Could you copy exactly the lines below from the one with "猪名川町 テラス屋根に浮き発生!飛散防止の見積もり調査" to the one with "2009年10月8日,美軍飛", inclusive, leaving out any pictures?

Material provided>
• • • •

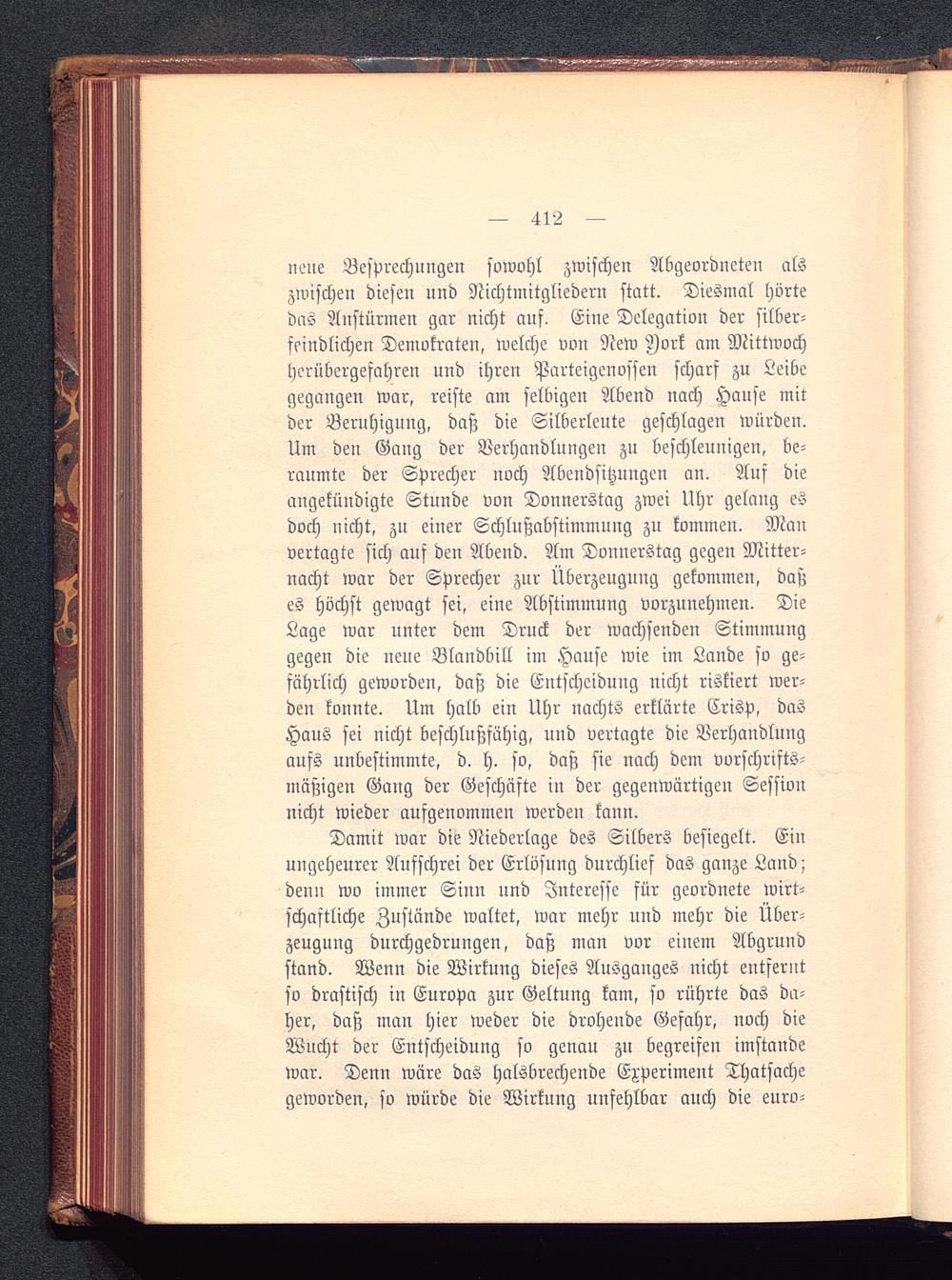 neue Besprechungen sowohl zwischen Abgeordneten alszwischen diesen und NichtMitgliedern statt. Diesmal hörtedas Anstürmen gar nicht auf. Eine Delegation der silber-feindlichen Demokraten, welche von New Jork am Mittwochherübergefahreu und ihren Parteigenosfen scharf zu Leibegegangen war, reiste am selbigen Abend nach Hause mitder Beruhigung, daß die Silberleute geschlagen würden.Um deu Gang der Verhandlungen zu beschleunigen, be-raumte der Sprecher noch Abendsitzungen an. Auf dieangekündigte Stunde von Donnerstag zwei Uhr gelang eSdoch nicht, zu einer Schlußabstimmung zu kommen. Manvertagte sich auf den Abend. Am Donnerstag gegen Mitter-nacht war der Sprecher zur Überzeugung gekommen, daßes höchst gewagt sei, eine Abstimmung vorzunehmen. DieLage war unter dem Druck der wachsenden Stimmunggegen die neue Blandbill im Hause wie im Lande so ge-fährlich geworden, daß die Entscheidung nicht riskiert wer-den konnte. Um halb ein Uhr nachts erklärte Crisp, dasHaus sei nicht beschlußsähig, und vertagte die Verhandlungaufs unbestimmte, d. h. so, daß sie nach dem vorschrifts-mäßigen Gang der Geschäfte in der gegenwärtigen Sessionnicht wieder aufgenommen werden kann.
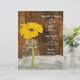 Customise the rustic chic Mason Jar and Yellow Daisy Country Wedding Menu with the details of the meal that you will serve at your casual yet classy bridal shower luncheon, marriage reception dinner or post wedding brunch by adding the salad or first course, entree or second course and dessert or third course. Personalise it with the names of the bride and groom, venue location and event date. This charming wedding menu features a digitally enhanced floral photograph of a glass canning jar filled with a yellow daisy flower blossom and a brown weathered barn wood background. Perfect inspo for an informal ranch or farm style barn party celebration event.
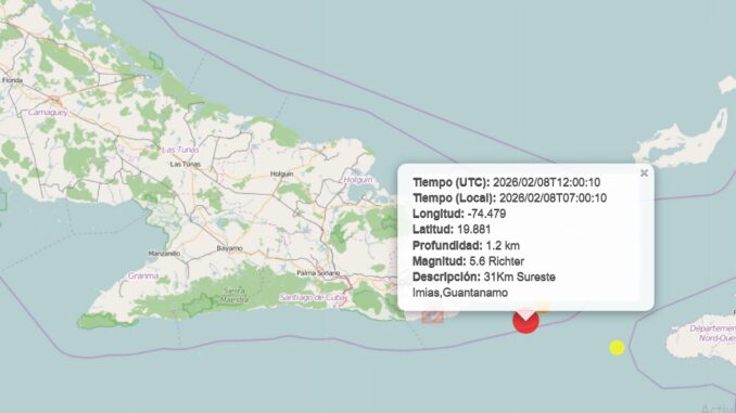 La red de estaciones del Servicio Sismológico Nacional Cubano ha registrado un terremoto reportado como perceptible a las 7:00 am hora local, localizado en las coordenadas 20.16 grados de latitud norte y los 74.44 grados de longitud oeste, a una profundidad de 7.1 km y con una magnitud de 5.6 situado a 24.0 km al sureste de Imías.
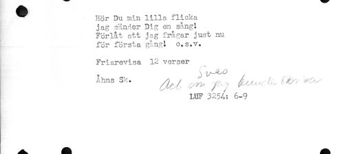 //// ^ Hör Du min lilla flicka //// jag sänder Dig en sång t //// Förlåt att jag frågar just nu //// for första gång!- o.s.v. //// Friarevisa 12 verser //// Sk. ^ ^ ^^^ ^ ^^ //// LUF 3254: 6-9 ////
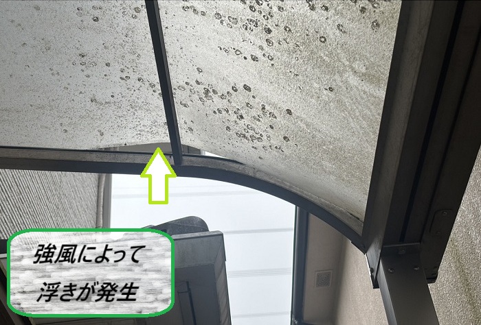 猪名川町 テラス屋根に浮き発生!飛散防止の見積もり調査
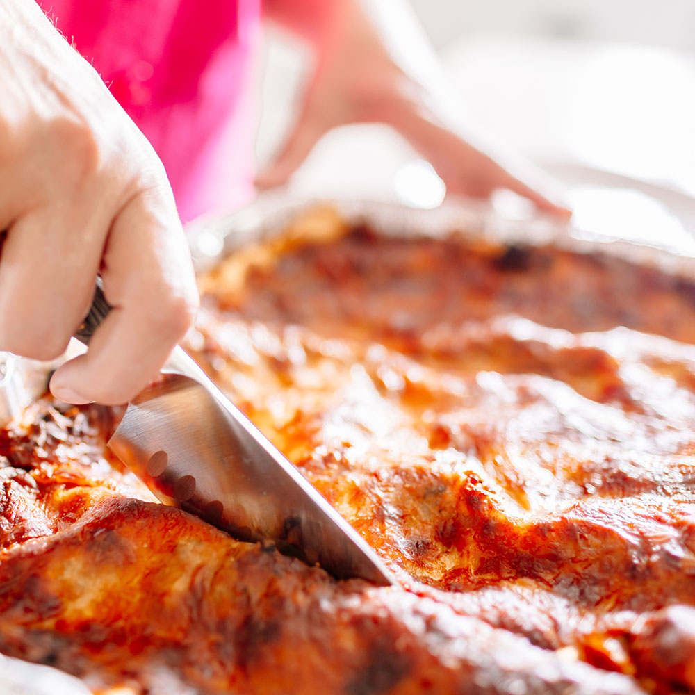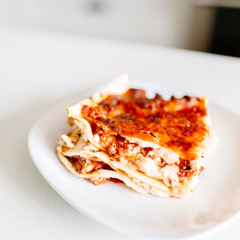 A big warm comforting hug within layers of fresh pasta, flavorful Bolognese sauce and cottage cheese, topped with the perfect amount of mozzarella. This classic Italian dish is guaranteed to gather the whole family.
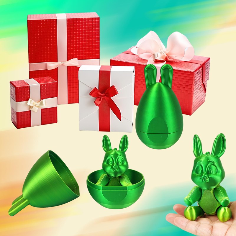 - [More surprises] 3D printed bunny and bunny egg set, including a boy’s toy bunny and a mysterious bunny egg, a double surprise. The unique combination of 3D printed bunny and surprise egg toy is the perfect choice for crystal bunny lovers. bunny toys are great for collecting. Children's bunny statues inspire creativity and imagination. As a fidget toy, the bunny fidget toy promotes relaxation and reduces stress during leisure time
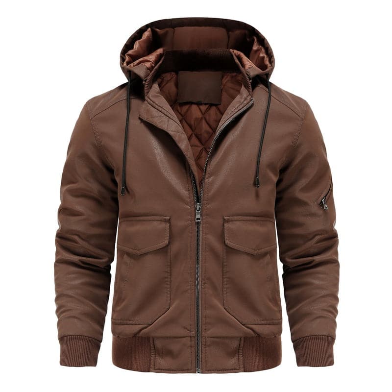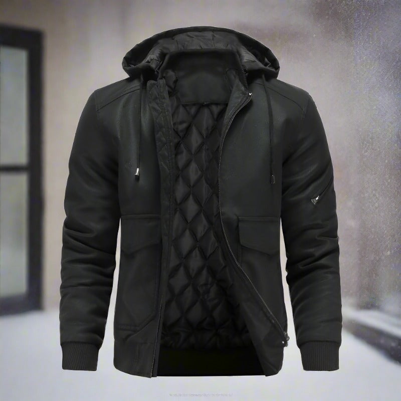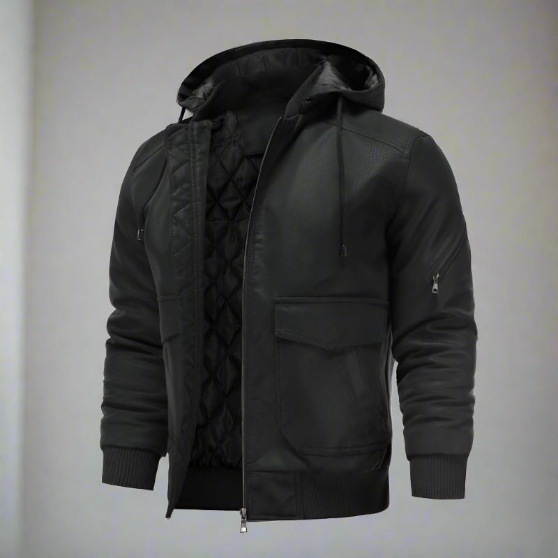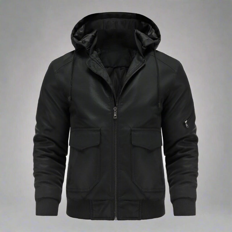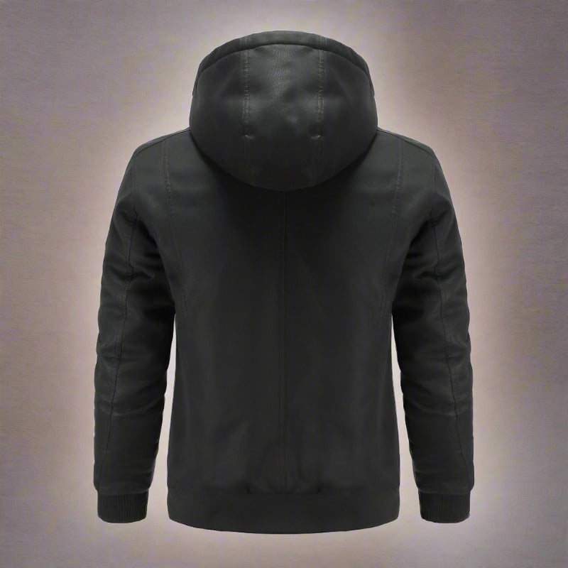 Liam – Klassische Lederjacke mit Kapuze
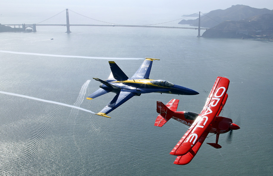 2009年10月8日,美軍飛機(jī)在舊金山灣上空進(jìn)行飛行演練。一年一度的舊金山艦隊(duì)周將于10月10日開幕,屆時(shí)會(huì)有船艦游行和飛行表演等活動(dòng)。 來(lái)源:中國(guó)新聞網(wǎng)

• • • •

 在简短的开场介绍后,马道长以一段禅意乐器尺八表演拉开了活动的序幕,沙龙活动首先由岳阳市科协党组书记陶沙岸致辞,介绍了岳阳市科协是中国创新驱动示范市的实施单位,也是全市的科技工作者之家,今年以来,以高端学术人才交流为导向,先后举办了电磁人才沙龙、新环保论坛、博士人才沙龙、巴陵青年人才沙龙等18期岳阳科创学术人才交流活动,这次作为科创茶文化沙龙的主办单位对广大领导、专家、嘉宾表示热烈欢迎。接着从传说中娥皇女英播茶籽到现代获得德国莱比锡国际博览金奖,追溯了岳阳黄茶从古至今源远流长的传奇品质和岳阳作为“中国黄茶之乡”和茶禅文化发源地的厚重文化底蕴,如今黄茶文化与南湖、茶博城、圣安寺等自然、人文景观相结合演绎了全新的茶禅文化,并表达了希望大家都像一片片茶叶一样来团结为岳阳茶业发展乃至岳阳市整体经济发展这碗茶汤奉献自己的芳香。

• • • •

Response to this exercise>
 猪名川町 テラス屋根に浮き発生!飛散防止の見積もり調査
 A big warm comforting hug within layers of fresh pasta, flavorful Bolognese sauce and cottage cheese, topped with the perfect amount of mozzarella. This classic Italian dish is guaranteed to gather the whole family.
 - [More surprises] 3D printed bunny and bunny egg set, including a boy’s toy bunny and a mysterious bunny egg, a double surprise. The unique combination of 3D printed bunny and surprise egg toy is the perfect choice for crystal bunny lovers. bunny toys are great for collecting. Children's bunny statues inspire creativity and imagination. As a fidget toy, the bunny fidget toy promotes relaxation and reduces stress during leisure time
 Liam – Klassische Lederjacke mit Kapuze
 2009年10月8日,美軍飛機(jī)在舊金山灣上空進(jìn)行飛行演練。一年一度的舊金山艦隊(duì)周將于10月10日開幕,屆時(shí)會(huì)有船艦游行和飛行表演等活動(dòng)。 來(lái)源:中國(guó)新聞網(wǎng)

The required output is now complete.